Things will always fail in weird, unexpected ways - that's why you need humans in the loop.
http://www.nytimes.com/2010/06/21/us/21blowout.html?_r=1&pagewanted=all
'Failure of management' and regulators given blame for disaster
http://www.chron.com/disp/story.mpl/business/7367856.html
How British oil giant BP used all the political muscle money can buy to fend off regulators and influence investigations into corporate neglect.
http://www.newsweek.com/2010/05/07/slick-operator.html
This wasn't a technical failure - it was a failure brought out by greed and corruption. The blow-out was only the symptom, and addressing the symptom isn't going to prevent similar incidents from happening again.
We've seen this before - the mortgage disaster and bank bailouts, the savings and loan disaster, etc.
Start by fixing campaign financing - private donations only, strict annual limit per capita, no 3rd party involvement, etc.
-- Barbara
When will we get a governing body that can punish or apply fines for this and enforce those fines or punishments...seriously, we need to evolve with these types of companies that spit all over international laws (or lack of)
Exactly; the private sector cannot be trusted to do things safer/more efficiently/better. This is exactly why strong government regulation, especially when it comes to environmental and health issues, is needed.
Haven't they been on Nagios Exchange recently? check_catastrophe.pl has been out for like 3 years!
check_catastrophy -H blowout-preventer716.haliburton.com -w ANY_LEAKS - c ANY_FRIGGIN_LEAKS
I think everyone's familiar of that phenomenon regarding the alarm that cried wolf due to all the car alarms. Rarely do people even turn their head when they hear a car alarm.
Competent professionals don't do that.
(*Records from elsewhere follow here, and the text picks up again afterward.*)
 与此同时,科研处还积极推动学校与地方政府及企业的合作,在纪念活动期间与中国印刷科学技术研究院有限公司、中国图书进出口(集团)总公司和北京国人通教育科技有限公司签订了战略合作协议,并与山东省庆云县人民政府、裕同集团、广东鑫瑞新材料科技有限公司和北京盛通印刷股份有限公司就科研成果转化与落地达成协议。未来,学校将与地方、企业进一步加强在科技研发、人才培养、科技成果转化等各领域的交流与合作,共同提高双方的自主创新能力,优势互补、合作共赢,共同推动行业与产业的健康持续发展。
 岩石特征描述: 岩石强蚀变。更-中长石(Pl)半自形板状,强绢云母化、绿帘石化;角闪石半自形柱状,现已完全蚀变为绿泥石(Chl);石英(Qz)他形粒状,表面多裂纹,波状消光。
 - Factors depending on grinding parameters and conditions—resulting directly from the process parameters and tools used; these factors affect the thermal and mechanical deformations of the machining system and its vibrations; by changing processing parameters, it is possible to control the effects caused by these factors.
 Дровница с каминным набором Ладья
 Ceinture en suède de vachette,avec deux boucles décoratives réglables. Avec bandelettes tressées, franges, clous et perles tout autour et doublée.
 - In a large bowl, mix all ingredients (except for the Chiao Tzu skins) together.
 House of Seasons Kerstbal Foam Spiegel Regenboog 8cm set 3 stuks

The problem with car alarms is that they aren't aimed at professionals, competent or otherwise, they're aimed at the general public and the mechanism they use isn't typically going to assure that anything is going on.
Competent professionals like the ones that are supposed to be running rigs should know to check them out every time and not turn the alarm off withotu ascertaining that the alarm is in fact false. Disabling an alarm should only be done when there are adequate contingency plans in place to handle if the condition happened and how they would respond.
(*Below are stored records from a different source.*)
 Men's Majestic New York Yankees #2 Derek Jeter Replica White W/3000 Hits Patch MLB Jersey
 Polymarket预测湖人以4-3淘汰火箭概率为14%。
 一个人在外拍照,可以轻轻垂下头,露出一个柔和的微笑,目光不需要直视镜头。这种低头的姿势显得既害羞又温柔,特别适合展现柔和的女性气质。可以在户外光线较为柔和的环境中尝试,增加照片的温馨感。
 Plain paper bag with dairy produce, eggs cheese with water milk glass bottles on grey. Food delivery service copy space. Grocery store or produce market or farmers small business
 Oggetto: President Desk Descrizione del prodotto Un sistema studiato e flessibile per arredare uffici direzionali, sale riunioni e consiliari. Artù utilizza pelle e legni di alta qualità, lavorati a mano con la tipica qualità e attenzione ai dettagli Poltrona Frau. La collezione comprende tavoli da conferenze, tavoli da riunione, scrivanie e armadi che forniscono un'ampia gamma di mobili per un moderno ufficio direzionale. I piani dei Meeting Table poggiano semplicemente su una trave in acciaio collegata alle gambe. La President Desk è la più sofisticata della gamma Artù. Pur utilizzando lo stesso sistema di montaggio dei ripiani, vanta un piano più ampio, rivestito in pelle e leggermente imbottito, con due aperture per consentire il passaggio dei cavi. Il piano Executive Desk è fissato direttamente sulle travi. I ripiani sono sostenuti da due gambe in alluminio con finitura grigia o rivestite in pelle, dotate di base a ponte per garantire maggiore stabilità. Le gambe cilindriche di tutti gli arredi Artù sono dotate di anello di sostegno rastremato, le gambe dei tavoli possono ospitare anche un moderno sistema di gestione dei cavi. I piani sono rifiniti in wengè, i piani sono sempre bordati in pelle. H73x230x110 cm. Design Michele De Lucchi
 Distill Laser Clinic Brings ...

I used to work security at a high rise and we'd often times have alarms turned off on portions of the building. It was the only way to ensure that under certain circumstances that work wouldn't cause a false alarm. It was done in a controlled way with plans in place to make sure that there was somebody keeping an eye on it while the work was being done, and that the alarms would be turned back on when they could be.
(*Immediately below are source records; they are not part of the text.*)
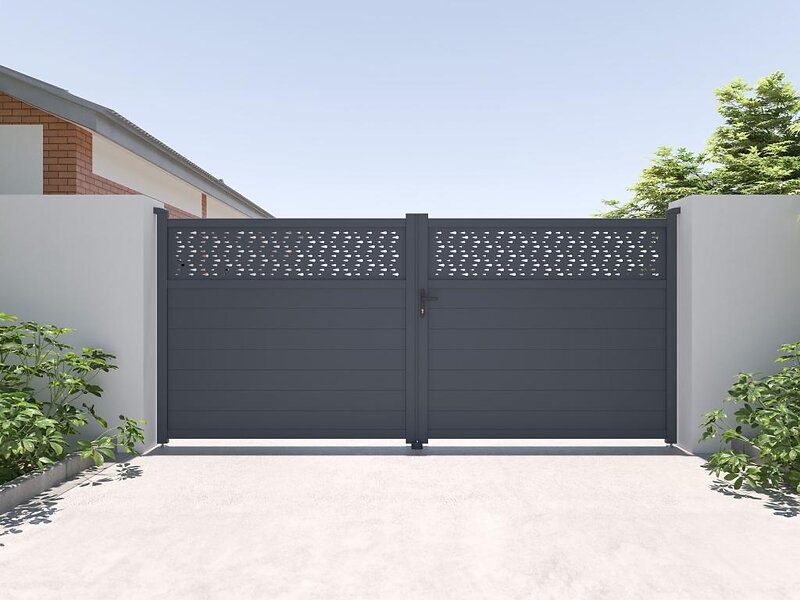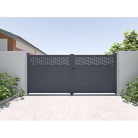 Vente Unique Portail battant aluminium semi plein à motifs L397 x H181 cm anthracite BAZIO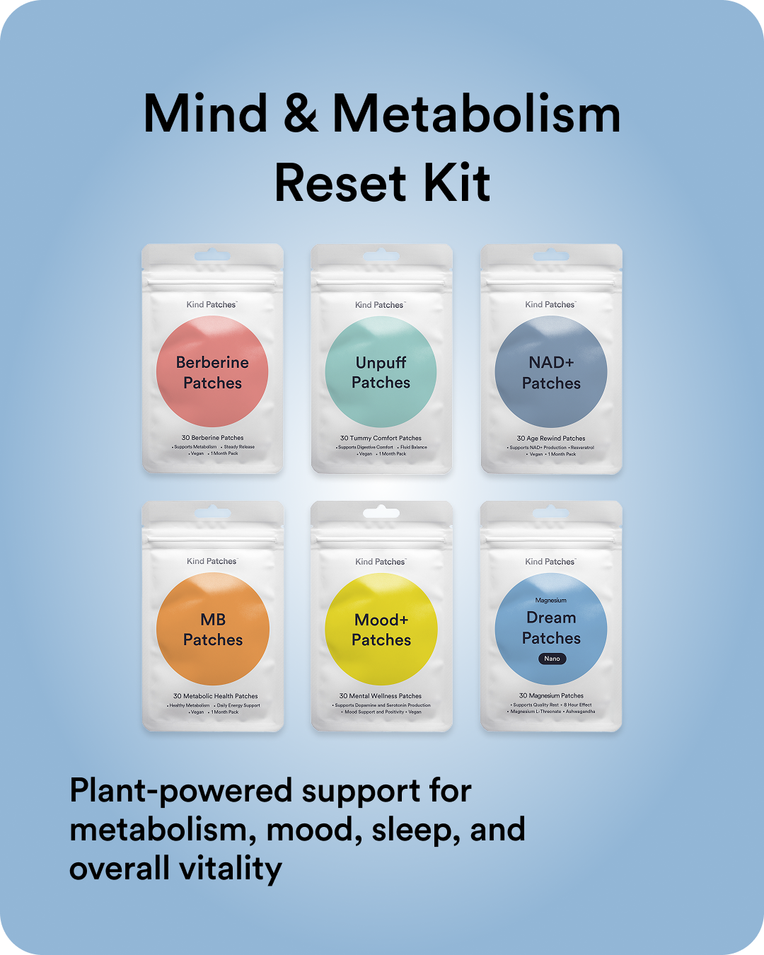 The Mind & Metabolism Reset Kit combines six plant-powered patches: Berberine, Unpuff, MB, Dream Melatonin Extra Strong, Dopamine and NAD+ Patches to support your body’s natural rhythm and full body and mind wellness.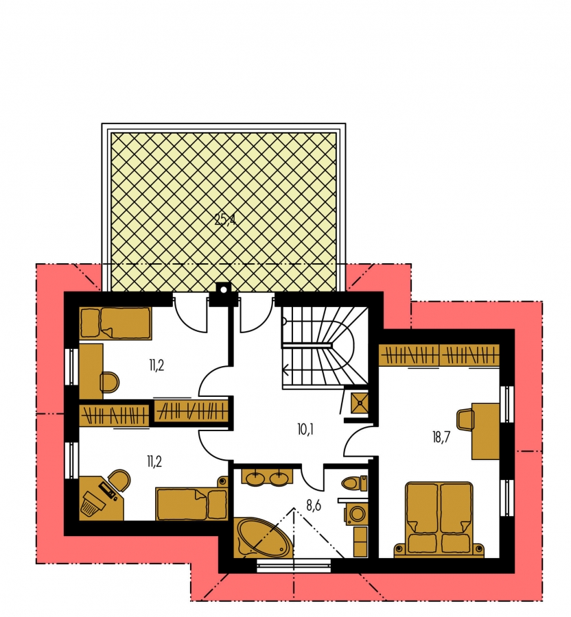 This family house belongs to the category of Modern family houses. But it is up to you whether to use modern materials, various types of façade cladding or modern elements in interiors. Ultimately, the owner will be led to a house in the MODERN category with his/her approach to construction and the use of modern technologies, of which there are many at present.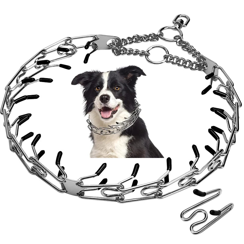 Dog Collar Choke Stainless Steel Pinch Dog Training Collar with Comfort Rubber Tips Adjustable Metal Silver Pet Prong Necklace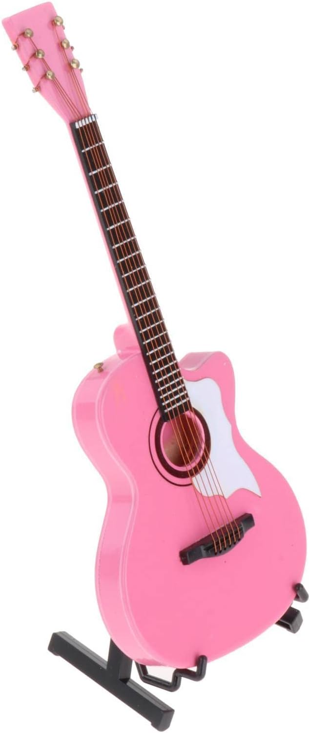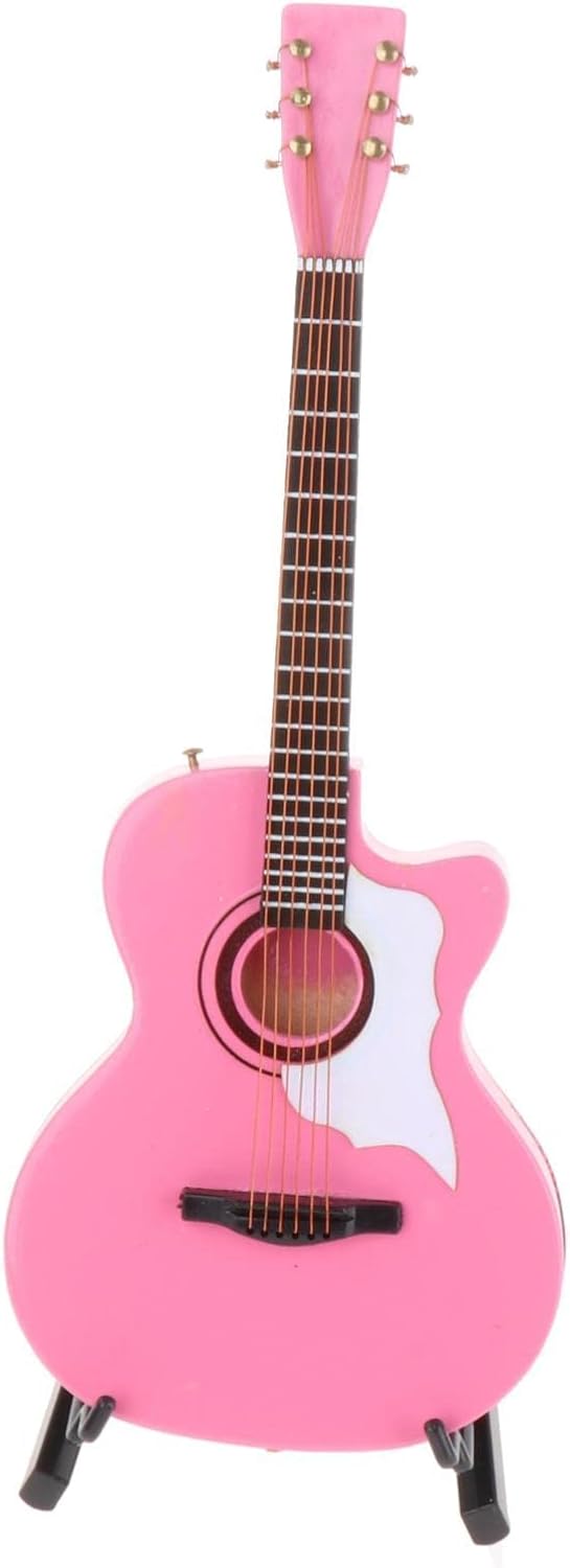 Collezioni squisite: ben progettate e realizzate per i tuoi bambini che hanno un compagno di casa lungo giocando Scala 1/6: modello di chitarra in legno artigianale con espositore Lunghezza: 17 cm, colore: rosa, Adatto per: casa delle bambole in miniatura 1:6; creazione di scene di vita; casa delle bambole, modello di casa Materiale: legno, ecologico e durevole.
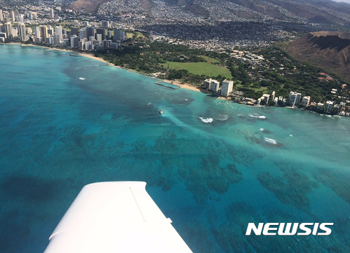【호놀룰루(하와이)=AP/뉴시스】하와이 호놀룰루의 관광명소인 와이키키 해변의 11일 사진. 이 곳의 고급 식당에서 식사를 한 45명이 지난 9일 복통 , 구토등으로 쓰러졌으며 그 중 6건에서 노로바이러스가 발견되었다고 하와이 보건당국이 14일 밝혔다. 2017.10.15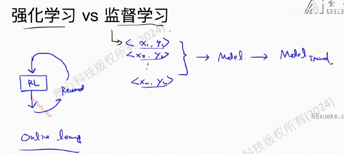 1)监督学习,<input, output>提前准备好的,强化学习没有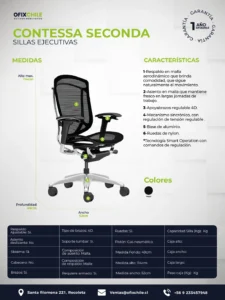Contessa Seconda Negra es una silla ejecutiva ergonómica de última generación, diseñada para ejecutivos y profesionales que exigen lo mejor en ergonomía, materiales y diseño. Pensada para estaciones de dirección de alto nivel, ofrece una experiencia de asiento premium con ajustes personalizados.
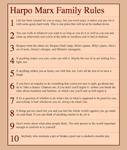 So today, in honor of Harpo Marx’s birthday (born over 130 years ago today, on Nov. 23, in 1888), I’d like to share the Marx Brothers Family Rules, which are posted on Harpo’s Place, the Official Arthur Harpo Marx Family Online Collection, curated by Harpo’s son Bill Marx.

And every time that building had an alarm go off which wasn't a known cause, it was always investigated promptly. Alarms that go off repeatedly need to be fixed, not disabled.
I don't even want to know how much tax payer money was pissed away for that "key verdict" - having worked with quite a few monitoring and alarm systems for years I can tell you that most of the time "automatic alarms" get ignored and in fact can cause worse problems when an actual real alarm does occur because of how the operators tune them out - seems like they completely missed the mark on this - the real problem is most likely where you would expect it, the people running the system - human error I am sure !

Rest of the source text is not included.